▸ WHAT THE TASK ASKS
Please copy the data below exactly, from its first line through the line holding "That Charles doesn’t", and skip the pictures.
DATA PROVIDED below:
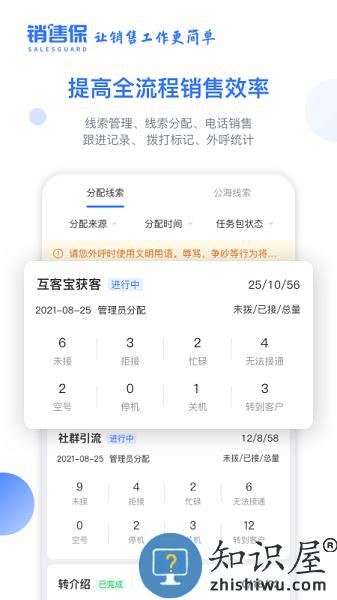 2. 线索全流程管理,对线索、意向、成交等拨打跟进状态进行精细化统计管理,建立企业数据库,方便多次挖掘,增加成交客户。
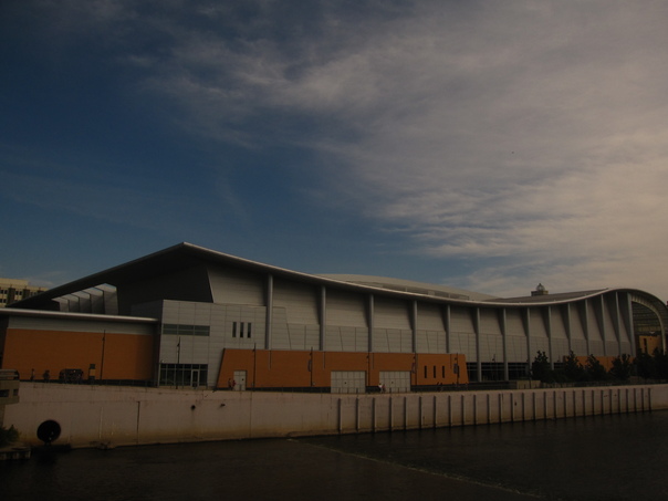 This picture depicts a long, gray building with a curving roof and a white fence surrounding it |
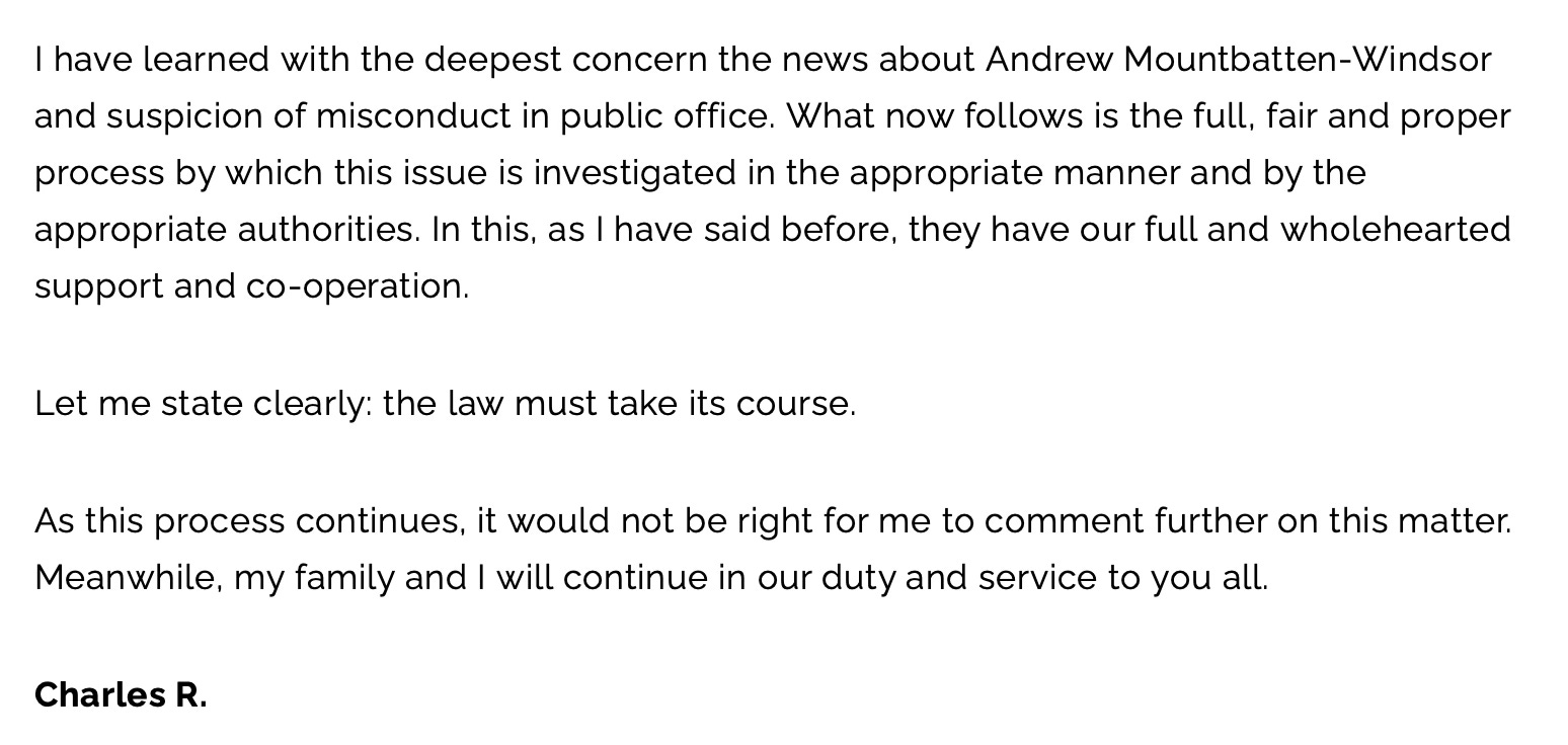 That Charles doesn’t refer to Andrew Mountbatten-Windsor as his brother is as sad as it’s unsurprising, and yet the concluding sentence is positively murderous, the “Meanwhile” conveying a loftily regal air of staring absently into the middle distance and whistling tunelessly,3 and “my family and I” making it perfectly clear that such a group does not include Andrew Mountbatten-Windsor—a real twist o’ the knife.4
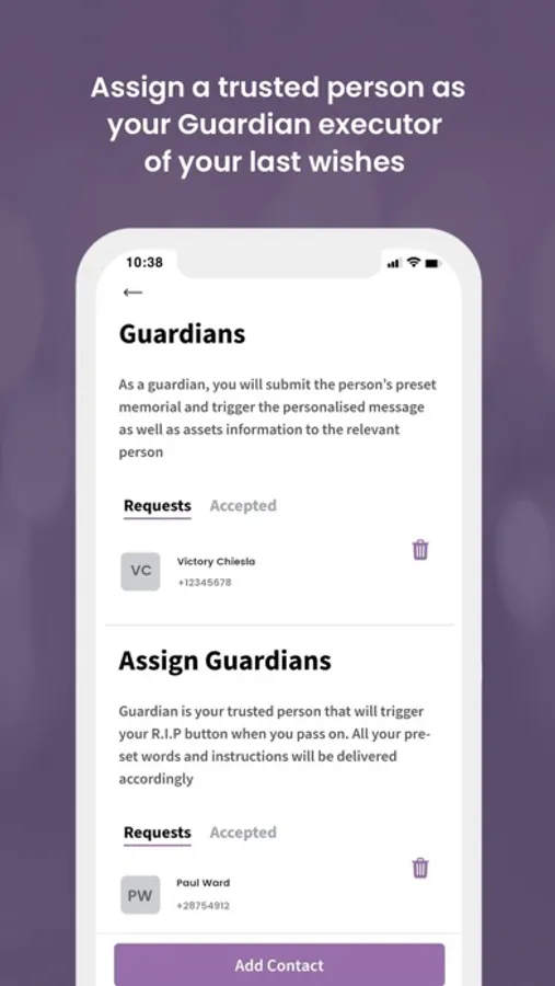 Upon your after life, iLastWord will publish your preset Memorial and inform your assigned Guardian of your last wishes and instructions (think: your last words and wishes, literally), including any digital funeral services (think: Green Burial), preset last words to your loved ones, and identification and assignment of your Assets to your intended Beneficiaries via the Assets-Beneficiary function
End of DATA PROVIDED.
▸ ANSWER BOX
 2. 线索全流程管理,对线索、意向、成交等拨打跟进状态进行精细化统计管理,建立企业数据库,方便多次挖掘,增加成交客户。
 This picture depicts a long, gray building with a curving roof and a white fence surrounding it |
 That Charles doesn’t refer to Andrew Mountbatten-Windsor as his brother is as sad as it’s unsurprising, and yet the concluding sentence is positively murderous, the “Meanwhile” conveying a loftily regal air of staring absently into the middle distance and whistling tunelessly,3 and “my family and I” making it perfectly clear that such a group does not include Andrew Mountbatten-Windsor—a real twist o’ the knife.4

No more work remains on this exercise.